The news: A group of FDIC-insured US banks is launching its own stablecoin through a consortium. The new stablecoin, called USDF, is redeemable for cash on a 1:1 basis through member banks.
More on this: The consortium’s incumbent members include Synovus Bank, New York Community Bank (NYCB), and Sterling National Bank. The organization, called the USDF Consortium, is encouraging more FDIC-backed banks to join it.
The new stablecoin also runs on the public Provenance Blockchain, which the consortium says is designed to make it useful for a range of activities such as financing for supply chains and invoices.
The bigger picture: The unveiling of USDF follows a November 2021 report from the President’s Working Group on Financial Markets (PWG), which called on Congress to restrict stablecoin issuance to insured depository institutions.
The PWG voiced concerns that current stablecoins could experience runs if customers don’t trust issuers to meet redemption requests, and that they may become conduits for laundering money and financing terrorism.
The consortium touches on the regulatory environment, stating that its stablecoin “addresses the consumer protection and regulatory concerns of non-bank-issued stablecoins and offers a more secure option for transacting on blockchain.”
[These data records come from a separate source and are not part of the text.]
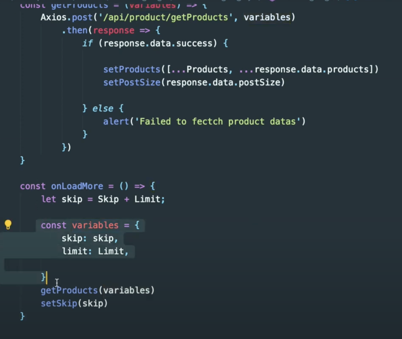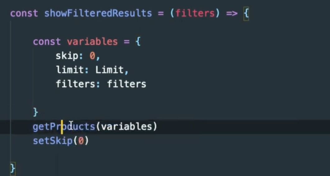 varialbes 에 skip, limit , filters(객체) 를 getProducts 라는 api 에 넘겨준다.
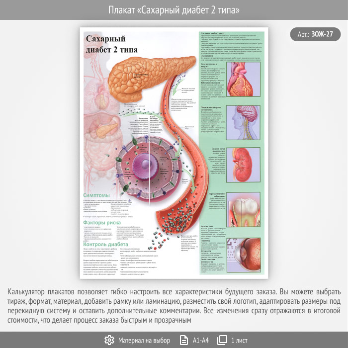 Плакат «Сахарный диабет 2 типа» (ЗОЖ-27, 1 лист)
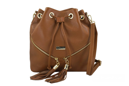 Torebka damska - worek z frędzlami w kolorze jasnego brązu została wykonana ze skóry licowej. Wygodne i pojemne worki skórzane to doskonała propozycja dla kobiet ceniących modny design oraz funkcjonalność. W naszym sklepie znajdziesz szeroki wybór torebek ze skóry naturalnej, które łączą w sobie elegancję oraz wygodę użytkowania, idealnie sprawdzą się na co dzień - mieszczą to co niezbędne do pracy, na zakupy lub krótki weekendowy wyjazd. Torebka damska - worek z frędzlami wyróżnia się ukośnymi złotymi suwakami oraz zapięciem typu "troczek", co nada Twojej stylizacji niezwykłej lekkości i ciekawego charakteru.

USDF’s emergence is the latest example of mainstream financial institutions getting involved with stablecoin, or at least exploring it:
Why this could succeed: The USDF Consortium gives incumbent banks a shot at becoming major crypto players by using their reputations to surmount the Wild West perception of the space. The bank-backed stablecoin, plus the prospect of federal action, also pose direct threats to a pair of standalone stablecoins: Circle’s USD Coin and Bitfinex’s Tether.
The group’s member banks can position USDF to businesses and consumers as providing greater security due to their track records in holding people’s money. They can also design it with transparency in mind—this was a notable problem for Tether, which was fined in October 2021 by the Commodity Futures Trading Commission (CFTC) for lack of transparency.
Banks’ advantage could get a further boost if the FDIC rules that stablecoins’ US dollar reserves are protected with deposit insurance, per CoinDesk, which reported that the regulator has considered giving pass-through status.